Amid all the fun, however, two serious points are made and rammed home again and again. One is the phenomenal successfulness of the British inventor, from Isambard Kingdom Brunel to Barnes Wallis (after whom, says Park, his Wallace is not named) and beyond to Tim Berners-Lee, inventor of the worldwide web: some of them were bluff pragmatic men in stove-pipe hats, some of them pipe-smoking eccentrics in garden sheds; others were rarified intellectuals in white coats. The Science Museum celebrates their works alongside Wallace's Hat-Switching Barometer. "Wallace's Top 20 Ideas" include the "Puffing Billy", the world's oldest surviving steam locomotive built by William Hedley in 1813; the Bell & Howell cine projector, precursor of a billion camcorders, made in England in the 1950s; and the Massey-Ferguson combine harvester thresher, built in Kilmarnock, which revolutionised agricultural practice worldwide in the 1950s and 1960s.
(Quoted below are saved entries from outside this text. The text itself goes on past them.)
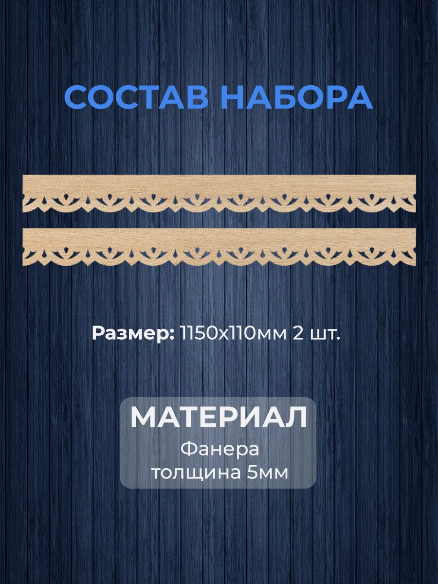 Ажурный фризовый обналичник из высококачественной фанеры предназначен для декоративного оформления дома. Комплект включает элементы, которые идеально подходят для выделения фасада, подчеркивают архитектурный стиль и индивидуальность здания. Точные размеры и продуманный контур облегчают монтаж, обеспечивая аккуратное прилегание к поверхности. Использование этого украшения позволяет гармонично завершить внешний вид дома и придать фасаду элегантность.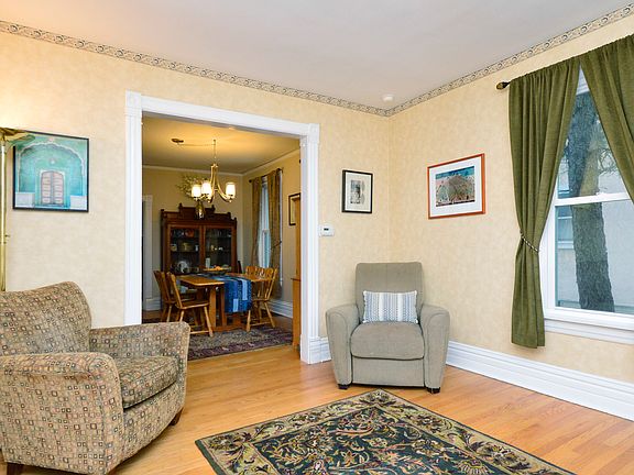 From the open, inviting front porch to the beautiful perennial garden in the spacious backyard, this is truly a place you will want to call home. Features include a cherry cabinet kitchen with Corian countertops and all new ss appliances. Cozy family room off of kitchen along with first floor guest bedroom. Original bulls-eye moldings and refinished hardwood floors throughout. 2nd floor was totally rebuilt in 2005, with new flooring, bath, laundry, and large open space for in home office or family room. Windows have been replaced and zoned heating and AC are newer. There is also a separate secluded writers studio in the backyard, redone in 2005 with new walls, flooring, roof and stucco. 2 car garage and built in sprinkler system. All new tear-off roofs in 2018. Home is across from Washington school and down the street from the new Crown Center. Just blocks to the El and Metra stations. Call today!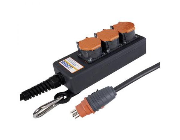 STEFFEN Industrie-Steckerleiste Professional 3x T15 IP55, 3 m / schwarz-orange, IP55, 5x1.5mm, 3m Kabel / Thema: Steckerleisten

World-shaking innovations from the Science Museum's permanent collection are also on proud display: the 1868 Cleopatra chain-stitch sewing machine; the 1926 Ethodyne broadcast receiver, a dismayingly complicated early valve radio; the first perforated lavatory paper; the first Post-It note; the zip-fastener (originally known, in 1851, as "the Automatic Continuous Clothing Closure").

The second serious issue is copyright. Alongside Aardman Animations and SGA Productions, who designed the exhibition, the main sponsor is the Intellectual Property Office, a wing of the Department of Innovation, Universities and Skills, which oversees the shadowy world of copyright, patents, designs, trademarks and the like. For a government cell operating with such abstractions, the IPO is a lively outfit who've been using the Wallace & Gromit image to launch a campaign to help innovators understand the importance of copyright.

The W&G exhibition is festooned with posters warning against patent piracy and the stealing of ideas. Perhaps worried that the language of their posters might go over the heads of young visitors ("Registering your trade mark means protecting your brand's value and reputation"), they employ other kid-friendly strategies to explain intellectual copyright. Posters on the walls of Gromit's kitchen remind visitors that the youngest-ever inventor was one Sam Houghton, 5, who watched his father sweeping up leaves and noticed that he used two brooms, one for the heavy leaves, one for the smaller bits left behind. The boy tied two brooms together with elastic bands – and the Improved Broom System was born. His father worked as a patents attorney and convinced the IPO that Sam's idea was "unique" and had "a clear purpose" – the two criteria for granting a patent. Now, while still in short trousers, Sam holds Patent No 2438091, giving him sole control over the Improved Broom for 20 years.

Had Nick Park ever suffered from patent infringement? "I sometimes see what looks like piracy – characters who are very like Shaun the Sheep – turning up. Personally, I feel flattered by the imitation. And when people say I should take action, I tend to say, 'It's hard to patent or copyright a sheep. Or a dog.' Has someone ripped off my robotic monster? Yes, but I probably got the idea from The Beano, or from HG Wells." He's been alerted many times to the apparent similarities between Wall-E, the lonely Earth robot that was a smash hit for Pixar studios last year, and the lonesome oven on the moon in A Grand Day Out. "People say, 'It's a robot! It collects things!' but I just think, 'That's the way things go'; we're probably copying other people in the past."

Despite his cavalier approach to patent protection, Park is happy to collaborate with the IPO, to pass on a vital fact about inventions. "We at Aardman and the IPO are trying to teach people that everything around you – this cup, that chair – has been thought up by someone. We're trying to teach people about ownership – the fact that somebody somewhere has created it."